Added on 13 July 2010

The Urban World Cup Batcave Death Poet is dead.


Back in the real world, the world that exists beyond the World Cup, life goes on in its usual manner. The school holidays have begun. On the plus side, school rugby training starts again seven weeks tomorrow, and that doesn't seem so far away now. The summer will fly by in a dreamy haze of warm days and drizzly days. The British Open starts this weekend. You can get odds of 1500-1 on Sandy Lyle to win at Bet365 if the notion took you. That might be a waste of your money. Like my bet on Cote D'Ivoire to win the World Cup.

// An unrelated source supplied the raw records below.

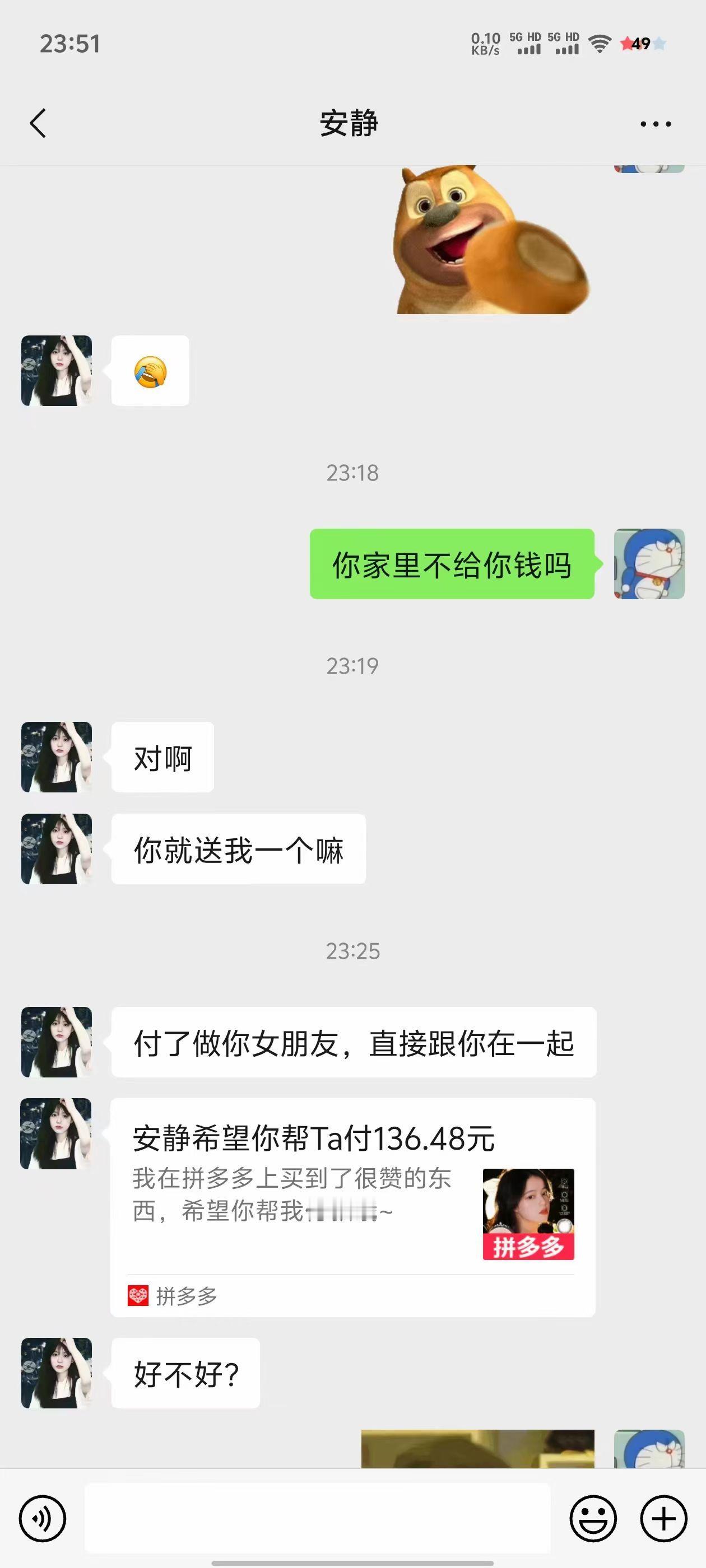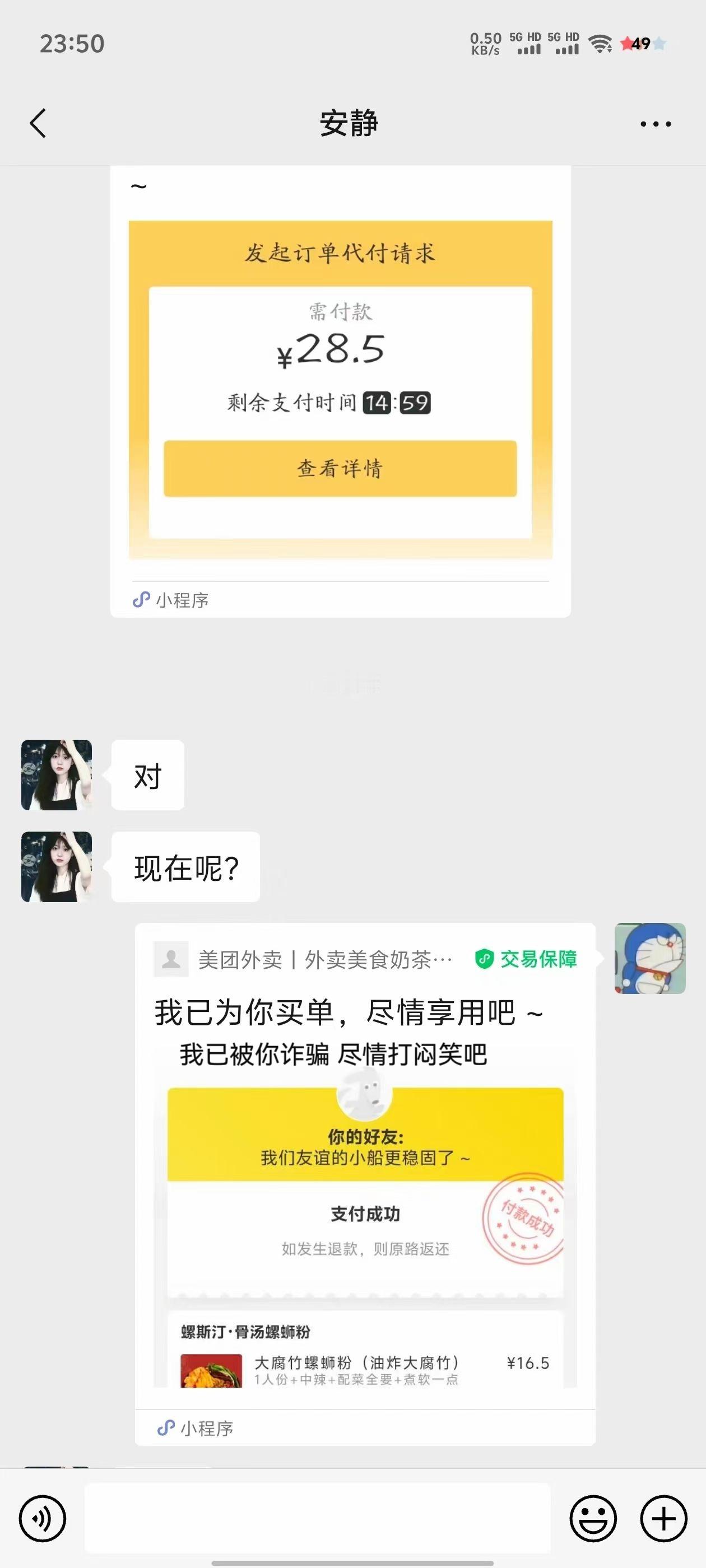 我已为你买单,尽情享用吧→我已被你诈骗,尽情举报吧
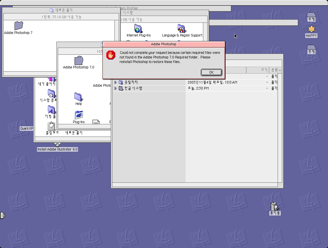 맥9.2 에서 포토샵7.0 을 설치하는데 오류가 떠요 ㅠ.ㅠ
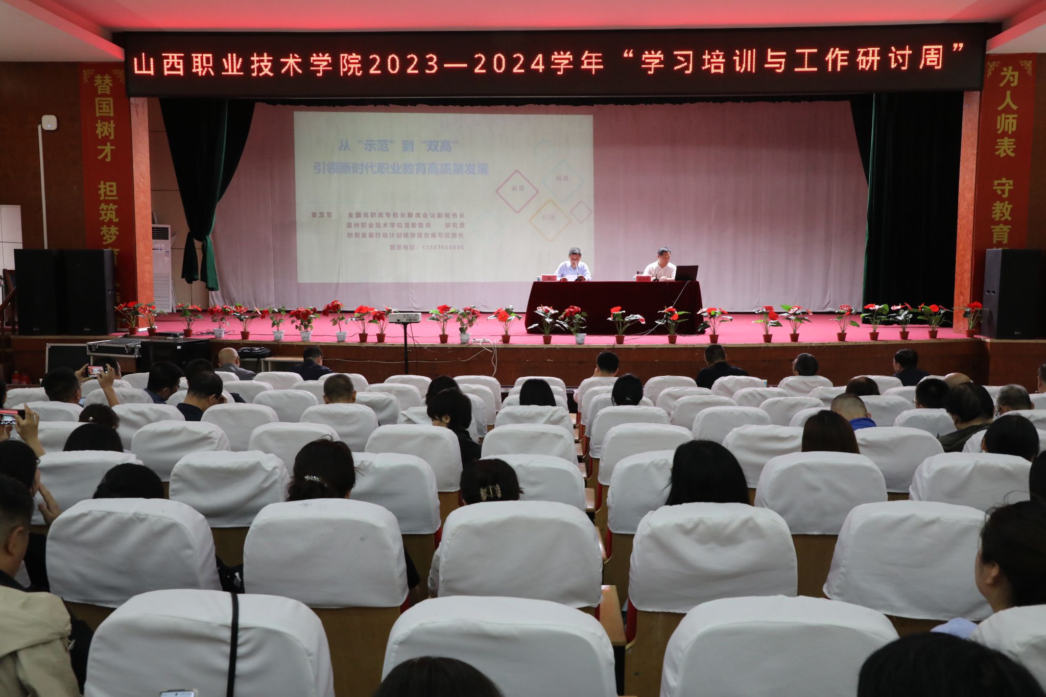 “学习培训与工作研讨周”分为专题讲座和专题研讨两个环节,专题讲座邀请了职业教育领域6名专家为开云官网全体教职工进行了线上线下讲授。通过童卫军研究员的《从“示范”到“双高”,引领新时代职业教育高质量发展》、韩先满教授的《数字化转型转什么?如何转?》、辛秀兰教授的《高水平专业群建设的难点与实践经验》、李云梅教授的《鲁班工坊的创新与实践》、中共山西省委党校张耀元教授的《习近平总书记关于斗争精神的重要论述》和孙诚教授的《从产教融合视域看现代职业教育体系建设重要任务—关于深化现代职业教育体系建设改革的意见》的讲座,使我们全体教职工对“党建引领”、“双高建设”、“产教融合”、“现代职教”、“高水平专业群”以及教育部十一项重点任务等发展方向有了进一步的认识,从思想与业务上都受到了新的教育与启发,为全面贯彻落实学院“十四五”规划深入实施打下了坚实基础,为全方位推动学院高质量发展起到了重要推动作用,对于开云官网新学期的工作,有着重要的指导意义。通过学习,全院教职工进一步增强了忧患意识,克服精神懈怠的危险,认真自警自醒自励,进一步解放思想、凝心聚力,与时俱进地不断完善各层面“思路与制度”体系,形成路线图、时间表和施工图。
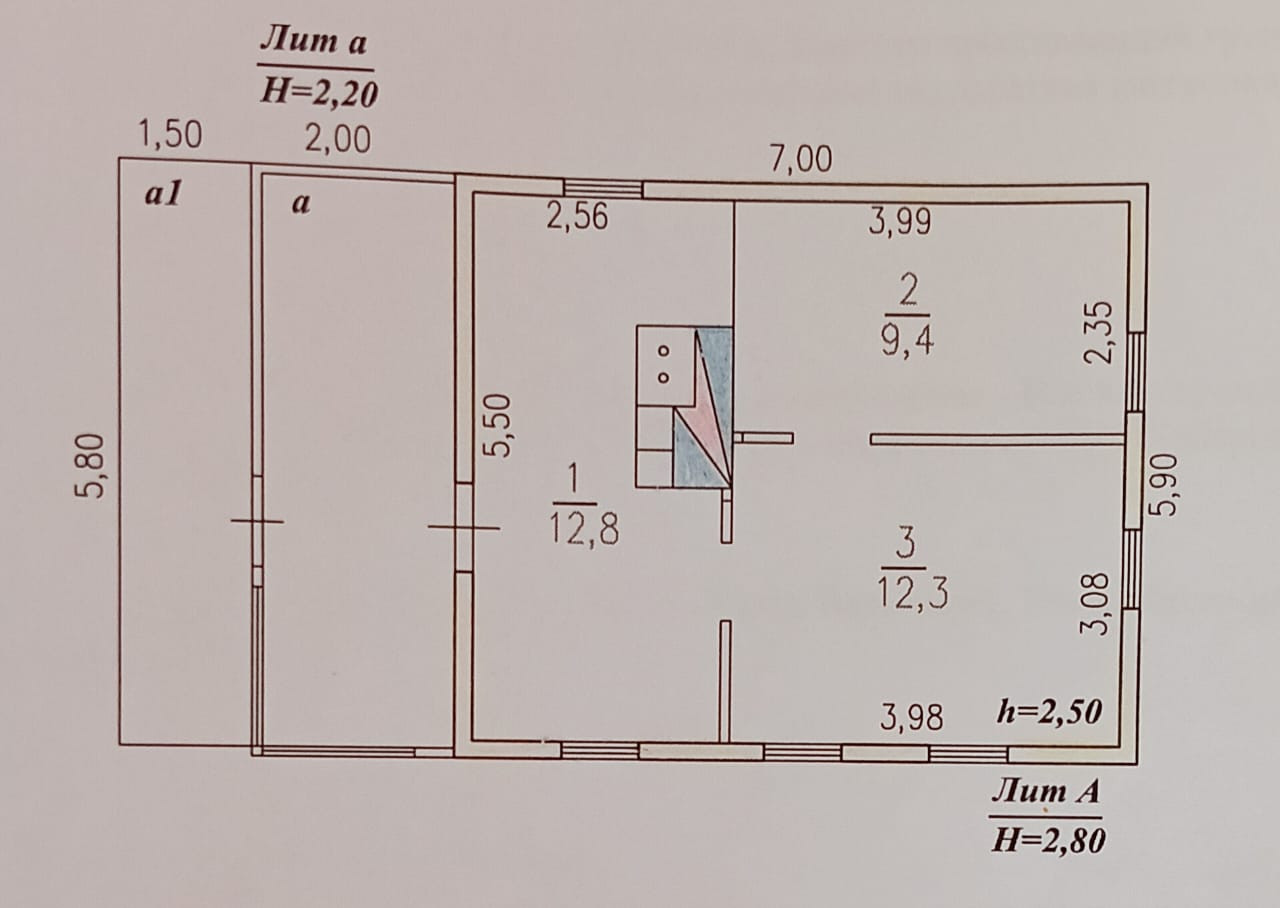 Дом 34,5 м2 построен из бревна на ленточном фундаменте. Отопление печное.
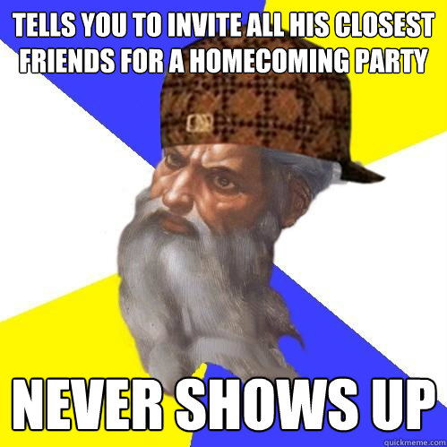 Tells you to invite all his closest friends for a homecoming party Never shows up

Over the summer, work will continue at the busy industrial centre of Long Midnight Publishing to get the digital Barney Thomson series up and running. We, at LMP Central, are contemplating pulping the book stock and turning the Barney series into a digital-only entity. You won't find many Barney Thomson titles in the bookshops of Britain. There have never been any in WH Smith, and only the occasional Waterstones and independent bookshop will carry them. This means that the bulk of Barney Thomson sales have been through Amazon.


For years this went well. However, a look at the current Amazon rankings shows that the seven titles in the series, in book order, at this very instant are ranked as follows:


141,627

233,592

68,769

301,023

232,020

241,842

227,587


Now Amazon rankings fluctuate more than the FTSE, but that is a wretchedly bad showing by any measure. It's the equivalent of the Scottish football team's ranking under Berti Vogts. Blue sky thinking, or at least, some sort of thinking, is called for. Putting all the books out of print, in order to help sell more, might just be the kind of inspired genius that turns things around.


The final decision, when ratified by the full Long Midnight Publishing Board of Directors, will be communicated in the usual manner.


On an unrelated note: today's headline in the Daily Express. One in Five Britons Will Be Ethnics. Doesn't that just make you proud to be British, and to be part of such a tolerant and open society? My spellchecker doesn't even acknowledge that ethnics is a word. I wonder if we scrounging ethnic Scots will be classed as part of the hated One in Five.